05 July 2014
increase of authorised share capital by roc without filling any fees and form after that other company merged in it. My question if i am an auditor of merged company i am liable for penalty or not
05 July 2014
I am unable to understand your query. How can ROC increase the Authorised share capital of the company on its own, without receiving any E-form or filing fees.

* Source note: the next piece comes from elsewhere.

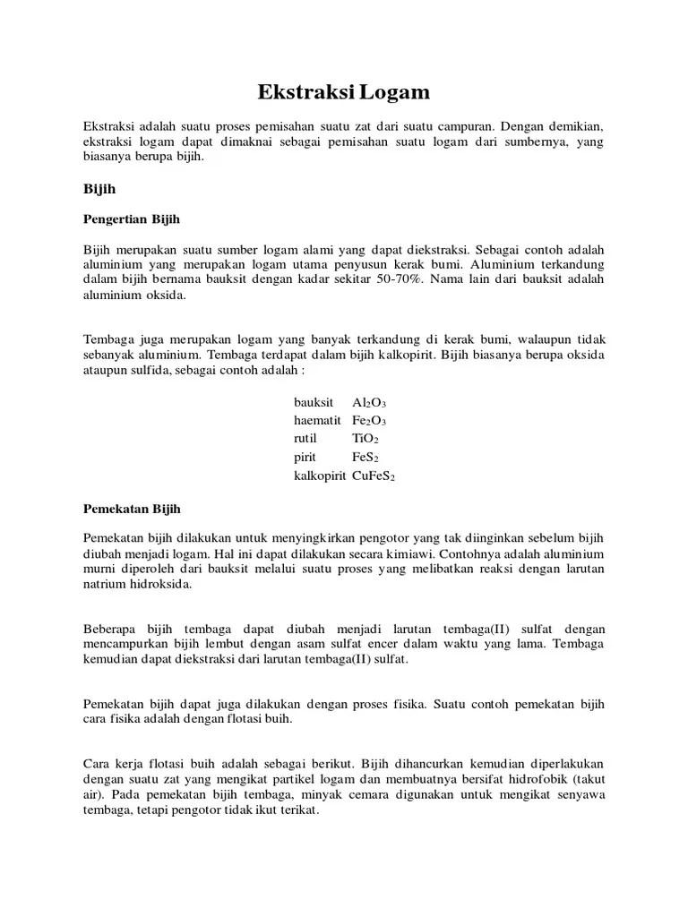 Contoh Logam Beserta Cara Ekstraksi / Cat Metalurgycal - Penetapan total unsur hara logam berat cara pengabuan basah dengan hno3 dan hclo4.
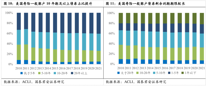 美国保险资管通过拉长资产久期实现资产负债久期匹配,降低利率风险。2010-2021年,10-20年期债券占比从28.8%提升至33.2%,20年期及以上超长期限债券的占比从33.1%提升至40.7%。

Please elaborate your query to unable us help you out.
20 July 2025
Regarding your query on increase of authorized share capital by ROC without filing fees/form and the liability of the auditor of the merged company:
Key points to consider: Increase of Authorized Share Capital Under the Companies Act, any increase in authorized share capital must be approved by the shareholders and filed with the ROC using Form SH-7 along with the prescribed fee. ROC increasing Authorized Capital without proper filing Normally, ROC does not increase authorized share capital on its own without company application. If there was some clerical or procedural error at ROC, it does not absolve the company of compliance responsibility. Merger and Auditor’s Liability As the auditor of the merged company, your role is to audit financial statements and ensure compliance with applicable laws and accounting standards. If the merged company’s authorized share capital was not properly increased (i.e., no Form SH-7 filed or fees paid), this is a statutory non-compliance. The auditor should report such non-compliance in the audit report (qualified opinion or emphasis of matter). However, liability for penalty under law primarily rests with the company and its directors, not with the auditor, unless the auditor has knowingly or willfully aided such non-compliance. Due Diligence Responsibility of Auditor As auditor, you should verify whether the proper approvals and filings were made during merger. If not, you must bring it to management and report it in your auditor’s report. Summary: You as auditor are not personally liable for penalty for failure of ROC or company to file increase of authorized capital. Your responsibility is to report the non-compliance properly. If you ignore or conceal such facts, then you may be held accountable professionally.